■ Exercise requirements
Could you print, exactly and without pictures, only the lines from the one with "Denne Babydreams juniorseng" through the end of the records below?

Records from a data collection:
>>>

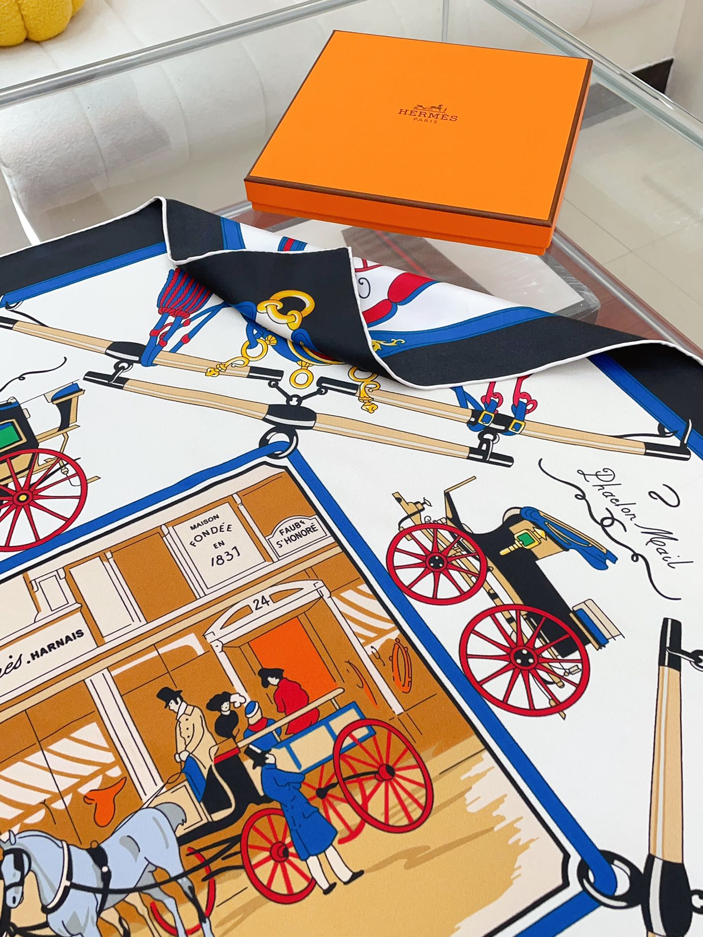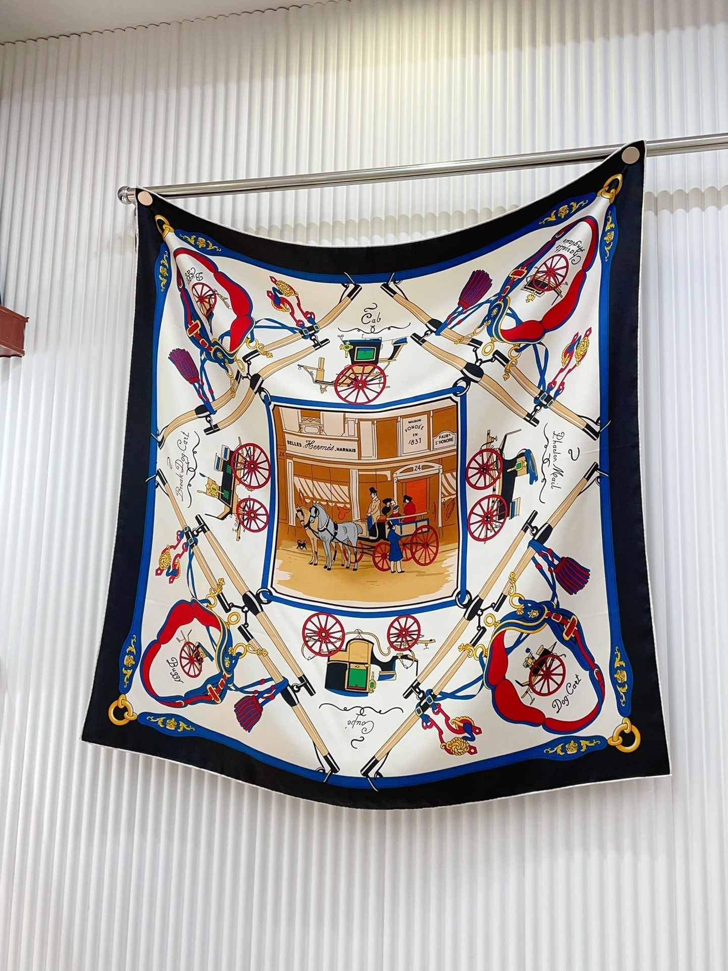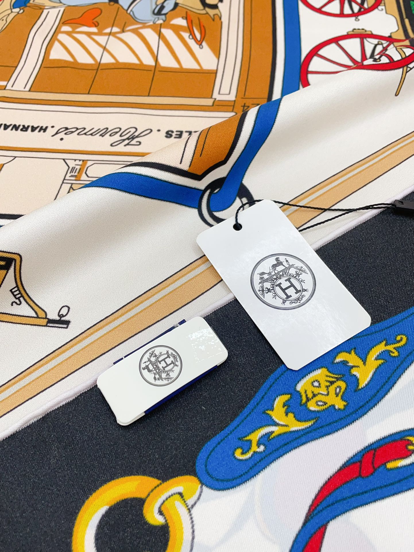 Palonniers scarf 90 CM In Black Colorful Silk Twill 321909
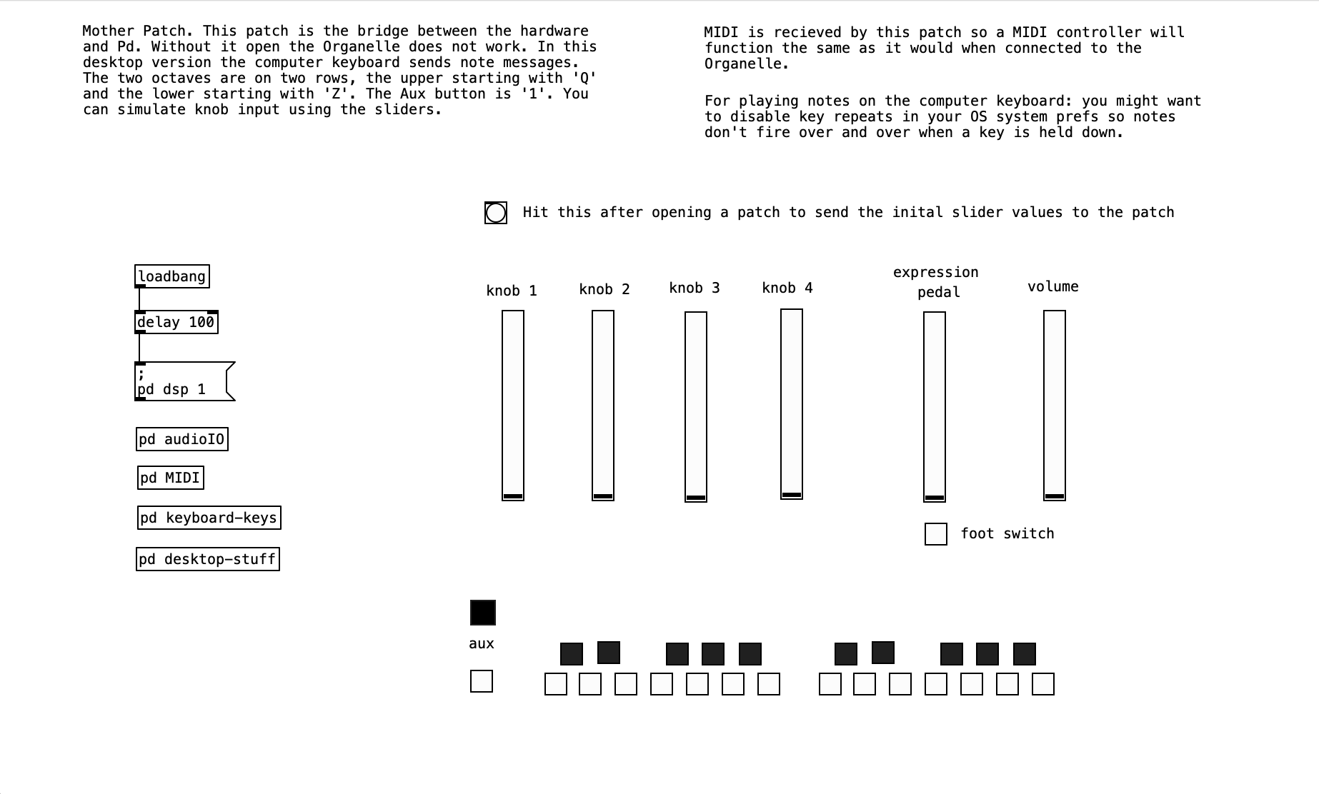 Back to Constant Gardener. This patch uses knob 1 to control the speed (or time element) of the re-synthesis. Knob 2 controls the pitch of the resynthesis. The third knob controls the balance between the dry audio input to the Organelle with the processed (resynthesized) sound. The final knob controls how much reverb is added to the sound. The aux button (or foot pedal) is used to turn the phase vocoder resynthesis on or off.
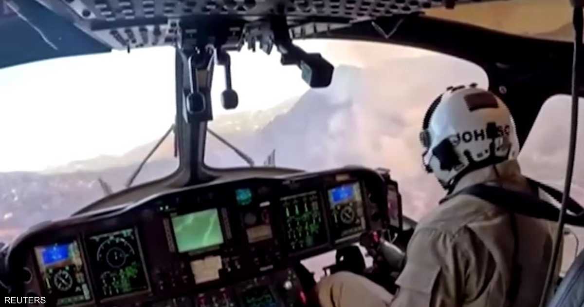 ويظهر في الفيديو الطياران وهما يسقطان من مروحية المياه وموادا مثبطة للنيران على تلال في باليساديس.
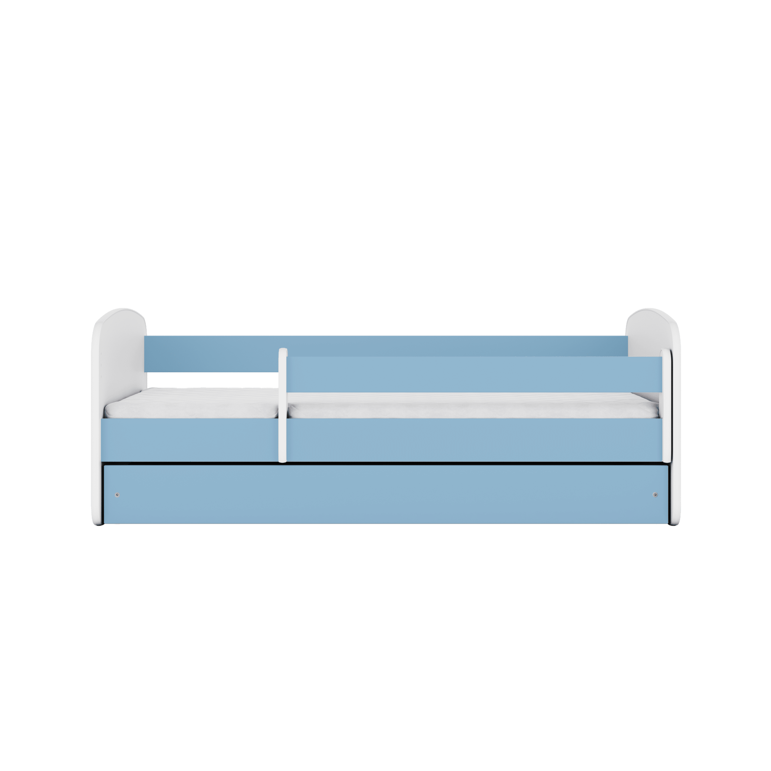 Denne Babydreams juniorseng vil helt bestemt kunne glæde de fleste børn. Børnesengen er lavet i hvid og blå lamineret spånplade. Den er designet med en flytbar sengehest, en madras og en todelt skuffe til opbevaring af dyner, puder og legetøj.Af hensyn ti
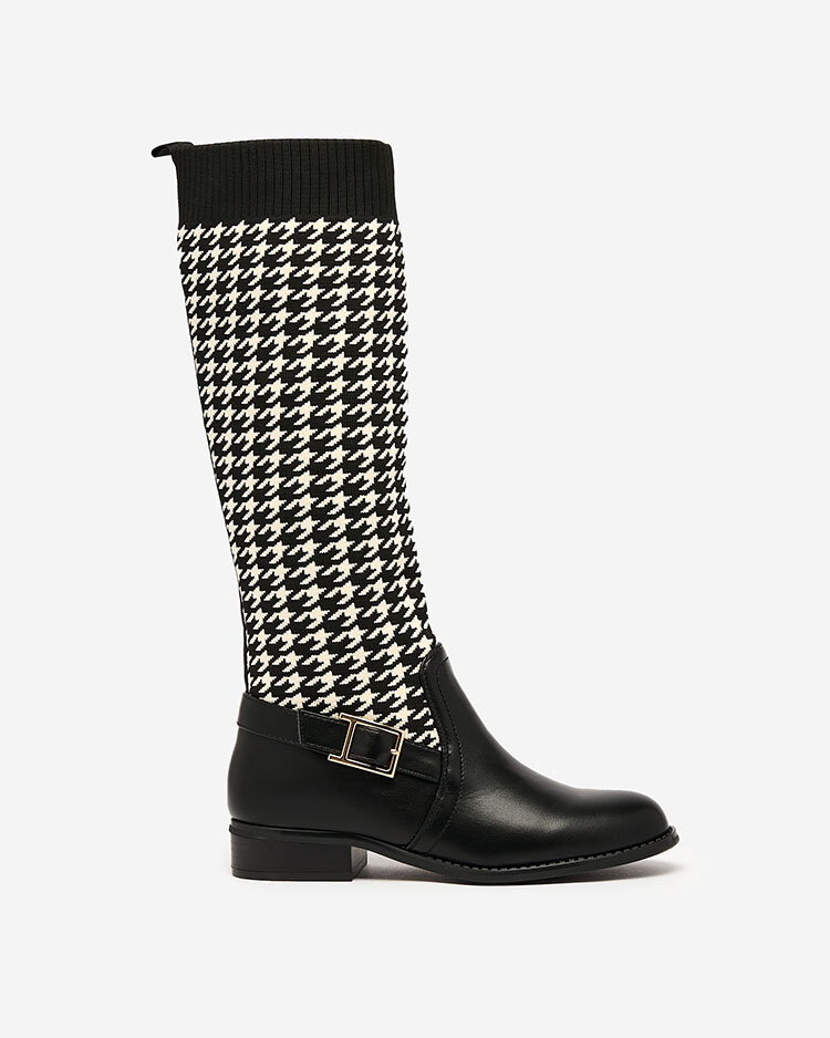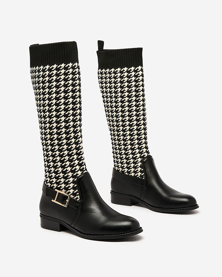 - Cizme înalte de damă confecționate dintr-o combinație de piele ecologică și țesătură elastică. Model slip-on, decorat cu un model pepit, izolat la interior cu o talpă a'la blană. Tocul plat adaugă confort și comoditate. O alegere excelentă pentru toamnă!

<<<

■ Written answer
 Denne Babydreams juniorseng vil helt bestemt kunne glæde de fleste børn. Børnesengen er lavet i hvid og blå lamineret spånplade. Den er designet med en flytbar sengehest, en madras og en todelt skuffe til opbevaring af dyner, puder og legetøj.Af hensyn ti
 - Cizme înalte de damă confecționate dintr-o combinație de piele ecologică și țesătură elastică. Model slip-on, decorat cu un model pepit, izolat la interior cu o talpă a'la blană. Tocul plat adaugă confort și comoditate. O alegere excelentă pentru toamnă!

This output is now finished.